One area harvesting date is whale conservation. Whales play a vital role in ocean ecosystems, including sequestering carbon. However, mammals are prone to injury when they strike the hulls of freighters. Sadly, some of these collisions can be fatal. 

The Benioff Ocean Science Laboratory’s WhaleSafe project helps supply ship captains with data about where whales populate to cut down on casualties. Acoustic and visual graphs that pinpoint whale locations are provided to mariners, with the hope of reducing collisions and helping the Coast Guard signal freighters about whale spottings.

Photo Courtesy Jeremy Bishop

Another significant research undertaking is mapping the seafloor. A multinational joint venture is taking up the helm in this expansive mapping project. Seabed 2030 aims to uncover the mysteries of the world’s ocean floor — the least explored part of Earth. 

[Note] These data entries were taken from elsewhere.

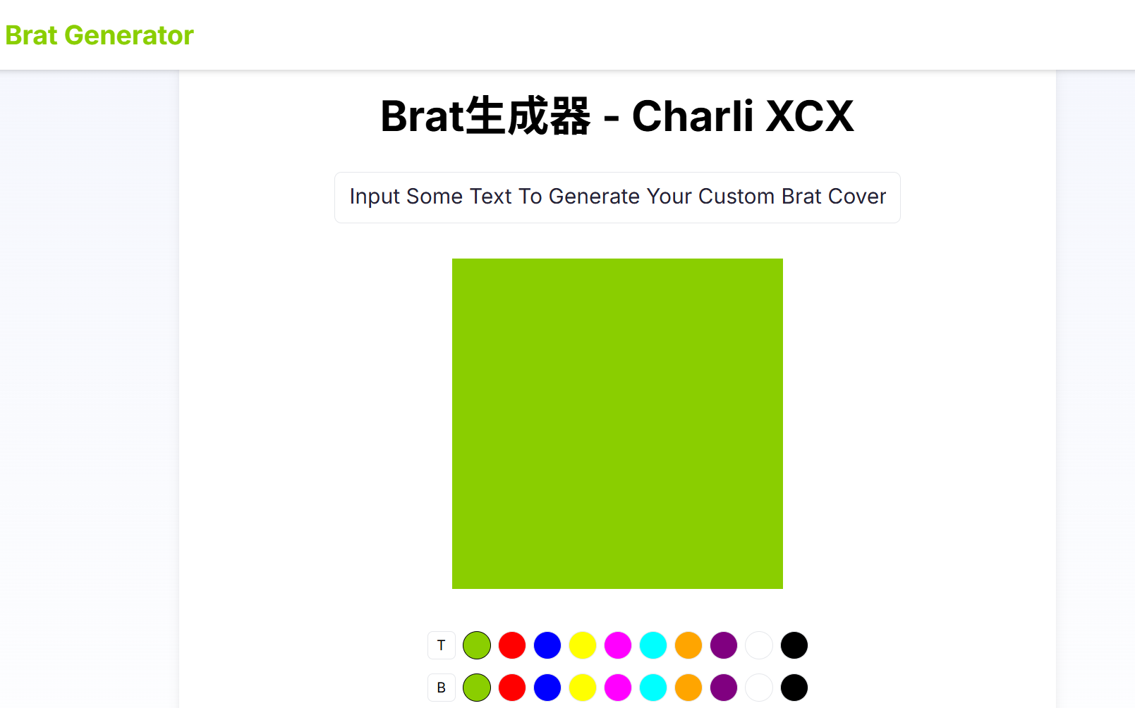Brat生成器(Brat Generator) 是一个受Charli XCX专辑《Brat》启发的创意工具,允许用户在线制作风格独特的文本图像。你可以自由输入文字,自定义字体、颜色与背景,快速生成与专辑封面相似的视觉效果,呈现出标志性的“Brat绿”和大胆小写排版。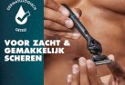 - 2x lubricatie: aangebracht voor en na de messen om een beschermend laagje op de huid aan te brengen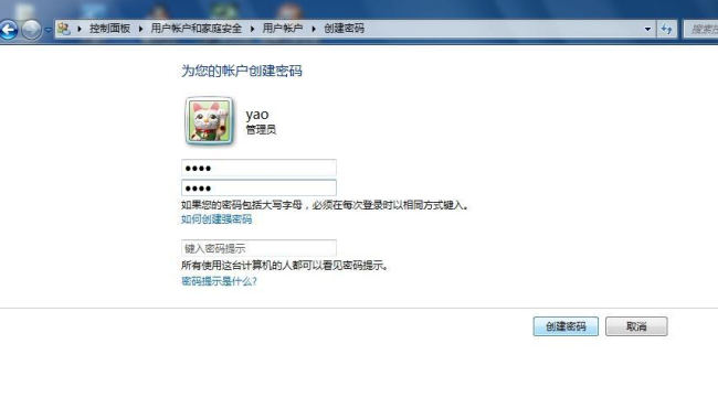 5、在文本框內輸入你要設置的密碼,然后點擊創建密碼即可。

According to the World Economic Forum, as of November 2022, the data collected from the seabed have led to 23.4% more knowledge of the ocean floor, compared to 6% in prior years.

Seabed 2030 says the projection so far for 2023 is 24.9%. Having a strong, accessible ocean floor map allows for greater management, and better decisions surrounding climate change mitigation, natural disaster preparation, and fishing management can be made. 

Funding Innovations At Sea

The Department of Energy (DOE) has its own initiative to improve the blue economy. Launched in 2019, “Powering the Blue Economy” sees the DOE incentivize maritime commerce innovations

Administered through the Water Power Technologies Office, funds are provided through competitions to businesses developing these solutions. Some areas the DOE is looking to improve are water desalination, offshore renewable energy, and invigorating coastal community economies. 

Video Courtesy U.S. Department of Energy

To boost social equity involvement and increase new ideas, organizations like the World Economic Forum’s Ocean Action Agenda (Friends of Ocean Action) have gotten creative. It launched the Uplink Ocean Data Challenge in May 2022 “to help match problems to solutions and accelerate our path to sustainability.”

The challenge called on startups and social enterprises to contribute marine data to further research on ocean conservation and advocate for sustainability in the blue economy. Twenty-six submissions were made, and 11 winners were announced in January. The winning projects ranged from sensors for commercial fishing gear to artificial intelligence used to map and reduce marine litter. 

The New Blue Economy relies on equitable, scientifically-inclined decisions gathered through proper analysis and collaboration. It calls for all hands on deck to meet the call for sustainable oceans, propelling economic growth and a cleaner climate.